In 2019, he teamed up with partners Josh Elias and Jason Groulx to launch his new venture. Elias was a skilled software designer. Groulx, meanwhile, was executive chef at the Shore Club and impressed Lemoine with his ability to calmly manage dozens of people amid the chaos of a busy kitchen – a talent that made him the perfect fit for the role of VP of operations.
A year later, Toronto-based Kole Hicks, the former VP of marketing at car service software platform AutoServe1, came on board as chief revenue officer.
The founders spent two and a half years honing the platform and cultivating their partnership with Equifax, a key relationship that sees the firms collaborate on “soft-pull” technology that allows dealers to conduct credit checks without negatively affecting buyers’ credit scores.
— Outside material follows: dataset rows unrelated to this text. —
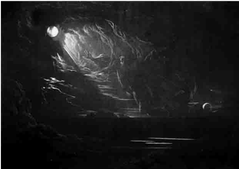
Creation of light. John Martin. 1827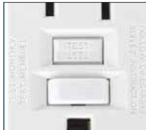
Lockout action blocks the "RESET" button if GFCI protection has been compromised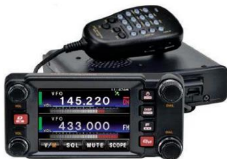
Yaesu FTM-400DR/DE C4FM FDMA/FM 144/430 MHz 50 DUAL BAND TRANSCEIVER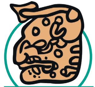
The Maya logogram for b'alam – jaguar

The Maya writing system, used to write several different Maya languages, was made up of over 800 symbols called glyphs. Some glyphs were logograms, representing a whole word, and some were syllabograms, representing units of sound. They were carved onto stone buildings and monuments and painted onto pottery. Maya scribes also wrote books, called codices , made from the bark of fig trees. Only priests and noblemen would know the whole written language.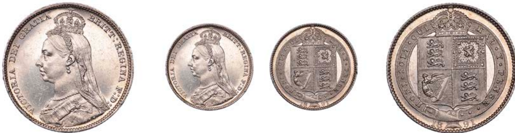
341 Shilling, 1891 , 5.66g/12h (ESC 3145; S 3927). Brilliant and virtually as struck £90-£120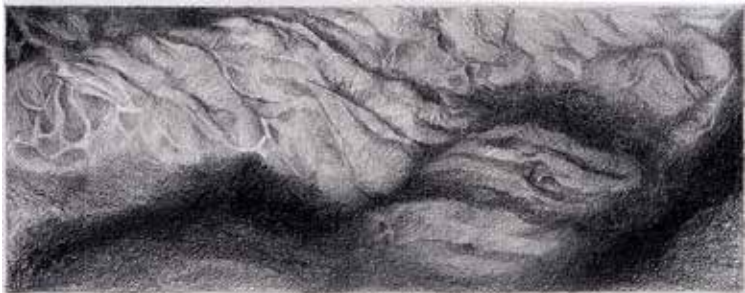
Jl06 Untitled Dim: 25 x 36 cm Medium: Graphite on canson Year: 2016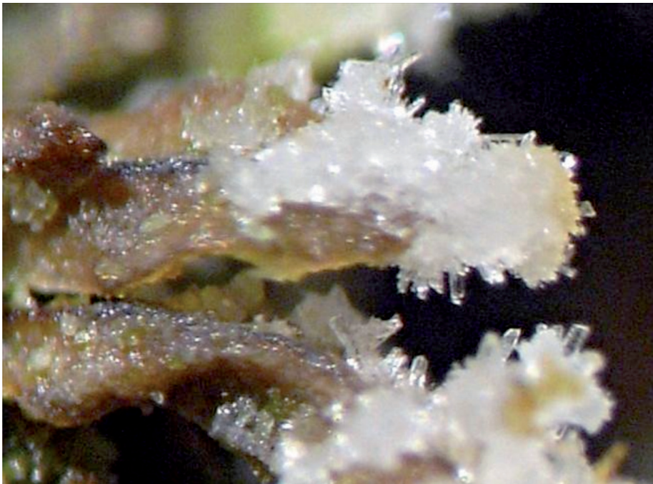
Figure 6. Crystals covering leaf tips of Scopelophila ligulata .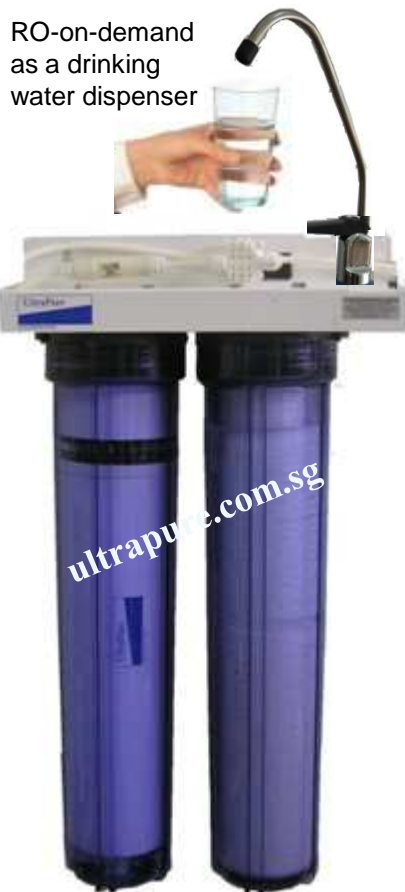
RO-on-demand as a drinking water dispenser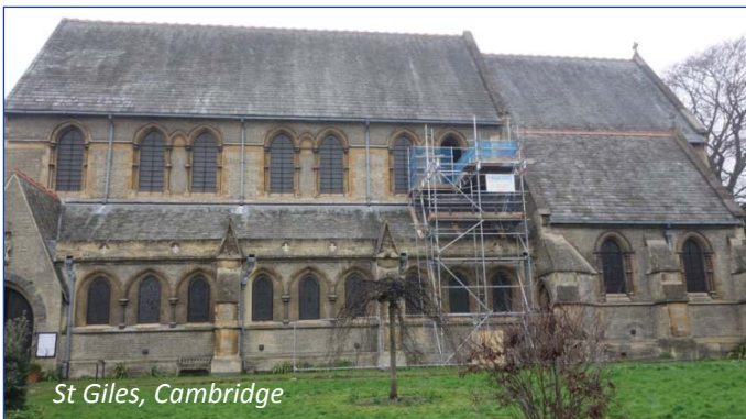
St Giles, Cambridge

Even with the Covid lockdown, applications for grants and loans have been coming in at an increasing rate. In some cases, the driver has been the award of Historic England's Emergency Heritage at Risk Grants up to £25,000 for projects costing no more than £30,000. By tackling the most urgent works first, it makes sense, particularly with the contractor on site or scaffolding still in place, to then go further with the help of other grant giving bodies. This is being done successfully, not only at All Saints, Croydon and St Mary, Whaddon, (reported in the last Newsletter), but now at St Giles Cambridge and St Peter, Carlton. St Giles has some 50 windows to maintain and were able to plan discrete packages of work.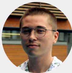
HEAD OF UPPER SIXTH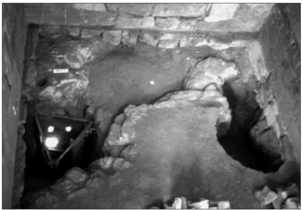
Fig. 3. Three shaft tombs in the western part of the Mortuary Chapel of Hatshepsut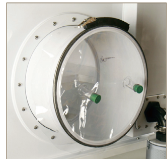
The photo sequence above shows a 18" diameter transfer port cap (flanged) with nipples being installed on a semi-rigid, germ-free isolator transfer port using a CBC Patent Clamp.*

CBC Transfer Port Caps are available in the following standard diameters: 8", 12", 18" and 24"; and the following depths: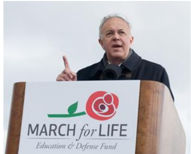
Supreme Knight addresses participants at rally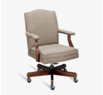
Independence™ Suffolk Kimball

Also available: Guest and multipurpose seating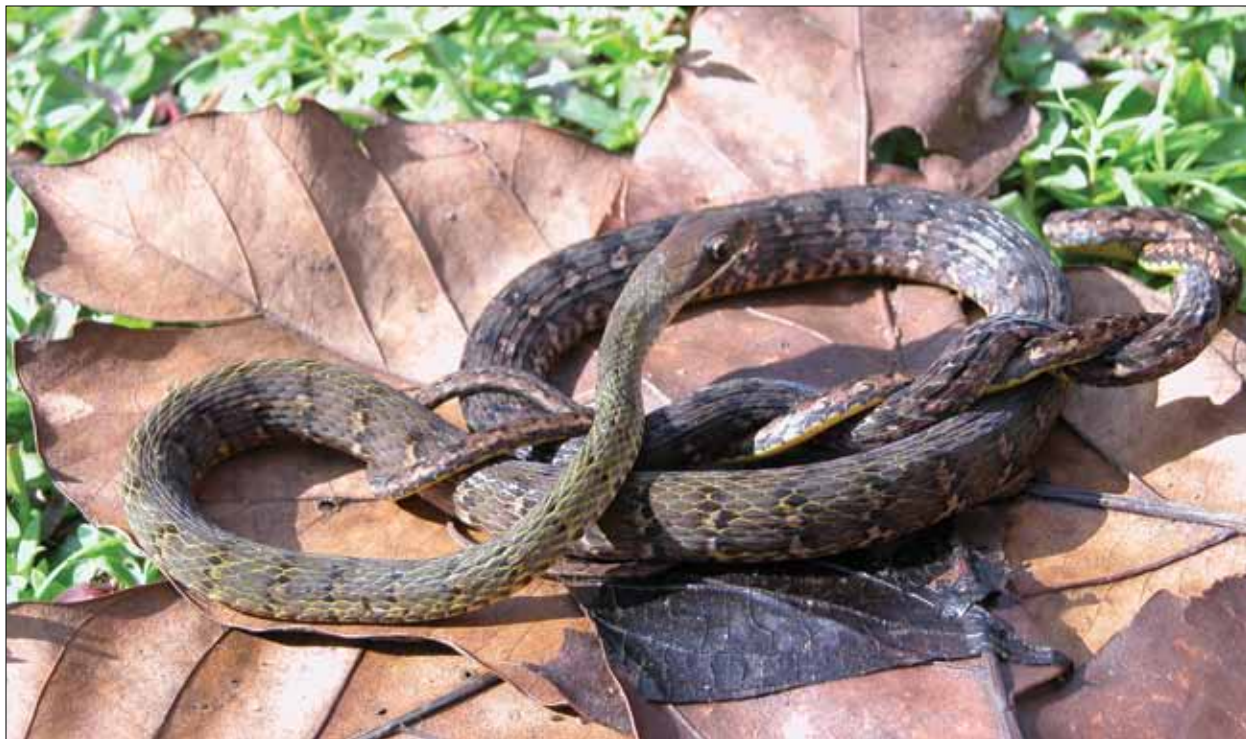
Figure 2. Dendrophidion dendrophis (MPEG 21140, Monte Dourado, Pará, Brazil) with tightly twisted tail and posterior part of body, just before autotomizing part of the tail.

The material was collected under collecting permits of the Ministério do Meio Ambiente issued by the Instituto Brasileiro do Meio Ambiente e dos Recursos Naturais Renováveis (IBAMA) (MMA-IBAMA, license numbers 043/2004-COMON, 0079/2004-CGFAU/LIC, 127/2005 and 048/2005).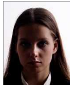
The part of the face is in shade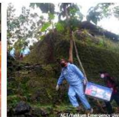
ACT/Yakkam Emergency Unit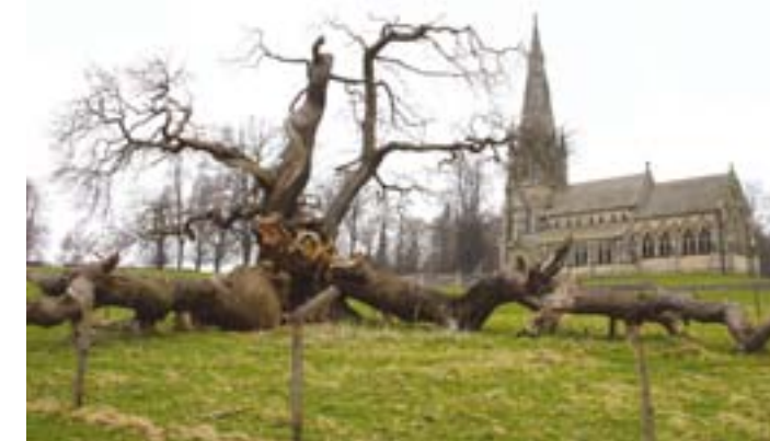
Leave limbs where they fall.

Ecosystems rely on the recycling of nutrients from fallen wood by micro-organisms. Such wood should be retained as close as possible to where it has fallen. It can then slowly decay back into the soil and the nutrients become readily available for the tree to reuse.

To seal that deal, Autocorp had to prove it could meet the global credit reporting agency’s rigorous legal, security and compliance standards. Lemoine says it was no mean feat.
“We were doing something that had never been done before in our country,” he explains.
“There’s so many times where you ask yourself, ‘Is this even worth it?’ You’ve got to just wake up every day and reaffirm your mission.”
Andrew Lemoine – co-founder and CEO of Autocorp.ai
“There’s so many times where you ask yourself, ‘Is this even worth it?’ You’ve got to just wake up every day and reaffirm your mission. It’s got to be that excitement that pulls you out of bed or you’re going to give up.”
In January 2021, the software was finally ready to hit the market. By then, the pandemic had forced the car industry to hit the gas pedal on its transition to e-commerce as dealers across North America were forced to shut their showroom doors.
More than 300 dealers across Canada have since signed on to Autocorp’s platform, and the company cracked the $1-million mark in annual recurring revenues in its first year.
But Lemoine says the firm is still at the starting line.
He expects the software to be a fixture in more than 1,000 dealerships nationwide by the end of 2022. Autocorp is eyeing a move into the U.S. market this summer, and Lemoine says the company is on pace for a five- to sevenfold increase in revenues in its second year.
The company helped car buyers land more than $100 million in loans last year, a figure Lemoine expects will balloon to $1 billion in the not-too-distant future.
Eyeing VC investors
“We’re really just at that hockey-stick-growth stage,” he says.
Now at 31 employees, the venture was initially fuelled by less than $1 million in seed capital from friends, family and the founders themselves. Lemoine says Autocorp is close to finalizing a larger round funded by investors that include Canadian and U.S. venture capital firms as well as prominent local angels.
Meanwhile, the company keeps fine-tuning its products. It’s now developing an app that will let consumers verify their income, driver’s licence and other information on their smartphone, and it’s also working on integrating major banks into the platform so loans can be approved faster and more efficiently.
The software has caught the eye of related retailers such as snowmobile and boat dealerships, Lemoine adds. But even though he says the platform could easily be adapted for such customers, for now he and his partners are happy to stay in their current lane.
“We have a pretty aggressive focus right now on the automotive industry,” Lemoine says. “It’s the industry we know the most and that we’re seeing the most growth for.
“This model 100 per cent is going to become the default model. We hope that obviously we can get as much market share (as possible) because we really feel like we pioneered a lot of this.”